Chocolate Brownies - HELP - Gluten Free.

weddingflowers, Dec 22, 8:50pm
Why do the gluten free Brownies I make (all different recipes) end up the height of a normal chocolate cake!(They grow in the tin while cooking - but taste ok) but dont look like a normal flat brownie!I use a gluten free baking mix.
What am I doing wrong.
Christmas blessings to you all.
Cheers
Glenys

kirstenp, Dec 22, 9:11pm
Never made them before I had to make them gluten free. My daughter makes them and uses the Alison Host gluten free recipe. Hers are usually about 2cm high and people say they are the best brownies they've had. Let me know of you would like the recipe as it doesn't use a baking mix, but different gluten free flours.

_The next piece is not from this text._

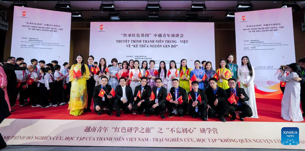 Young people from China and Vietnam participate in a speech event in Beijing, capital of China, April 14, 2026. For many young Vietnamese participants, the "Red Study Tours" across China are far more than a sightseeing trip, offering instead a journey through shared revolutionary history and fresh inspiration for the younger generation.
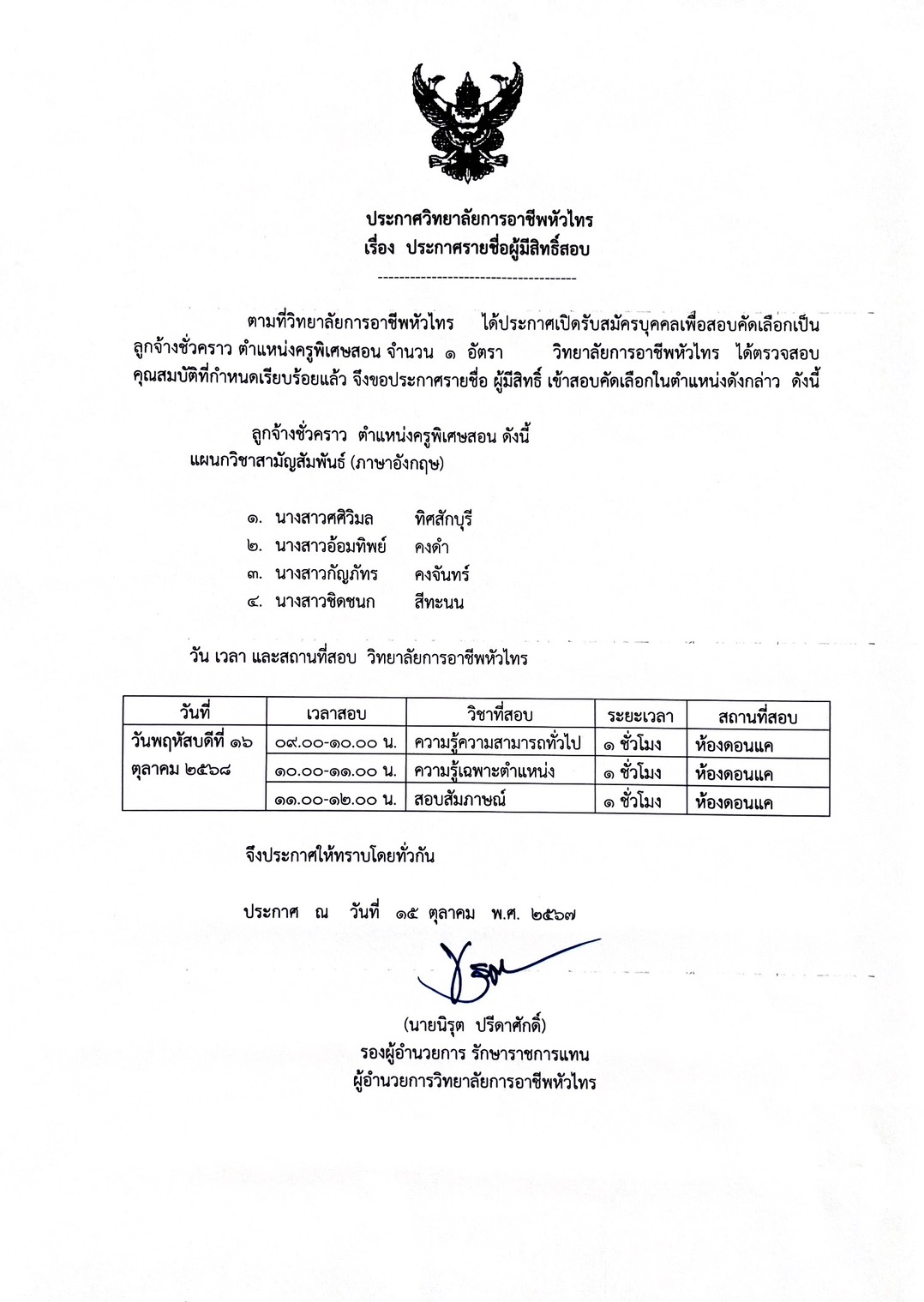 ประกาศรายชื่อผู้มีสิทธิ์สอบ ตำแหน่งครูพิเศษสอน แผนกวิชาบริหารธุรกิจ (สาขาวิชาการบัญชี)

weddingflowers, Dec 22, 9:29pm
Yes I would love the recipe thanks - these will taste ok, but half the mix went up and over the baking tin and now sits on the bottom of the oven!Great oven cleaning at Christmas! The remaining mix has sunk down in the tin,so still will be ok.But I want to be able to perfect the receipe.Cheers and thanks, Glenys

whistlingwings, Dec 26, 2:57am
Just an idea - to stop the mixture spilling over the tin onto the oven bottom trayperhaps you could just eat half the mixture before you put it into the tin - problem solved.

geldof, Dec 26, 3:07am
I made this one of Annabel Langbeins and just used 1 cup of Macro GF flour.
Worked really well.

Annabel Langbein's ULTIMATE CHOCOLATE BROWNIE

Makes about 30 pieces.

2 cups chopped dates
1 tsp baking soda
¾ cup boiling water
200g finely diced butter, at room temperature
4 eggs
2 tsp vanilla extract
2 cups caster sugar
1 cup dark cocoa, sifted
1 cup flour
½ tsp baking powder
250g chocolate chipsordark chocolate, cut into small chunks

Preheat oven to 160°C and line a 30cm x 24cm slice tin with baking paper.
Put dates in a large bowl, add baking soda and boiling water and stir to combine.Add finely diced butter and stir until melted.Leave to stand for 20 minutes.
Mash softened dates with a fork to break them up to a creamy consistency.Stir in the eggs and vanilla until well combined.Stir in the sugar, then add the cocoa, flour and baking powder and stir until smooth.Stir in the chocolate chips or chunks.
Smooth into prepared tin and bake until it is set in the middle and begins to come away from the sides of the tin (about 50 minutes).
Cool before cutting into squares.
Stored in a sealed container it will keep for a couple of weeks.:

geldof, Dec 26, 3:08am
While googling the recipe I saw this post that has been made somewhere on TM recipes

Made the brownies yesterday, but being a coeliac I decided to experiment and changed the flour to the equivalent amount of ground almonds, and increased the baking powder (GF) by 1/2 tsp. Not sure what the original recipe is like but this was delicious. I have made rhubarb couli to serve and yoghurt

Chef_shona_mardle, Nov 27, 2012, 1:26 pm

weddingflowers, Dec 26, 8:46pm
Thanks, I will try that recipe next time I do them.I'm also coeliac - hence the reason for doing them with gluten free flour.Don't you just hate being coeliac!!cheers, Glenys

weddingflowers, Dec 26, 8:48pm
Thanks for that offer - do you really want me to be as big as a house next time you see me !I dont need any help with that sister dear!or is that what you do!love you heaps.

roshu, Dec 26, 9:06pm
Do you belong to Coeliac NZ.! They have lots of people ready to help out with cooking hints and tips.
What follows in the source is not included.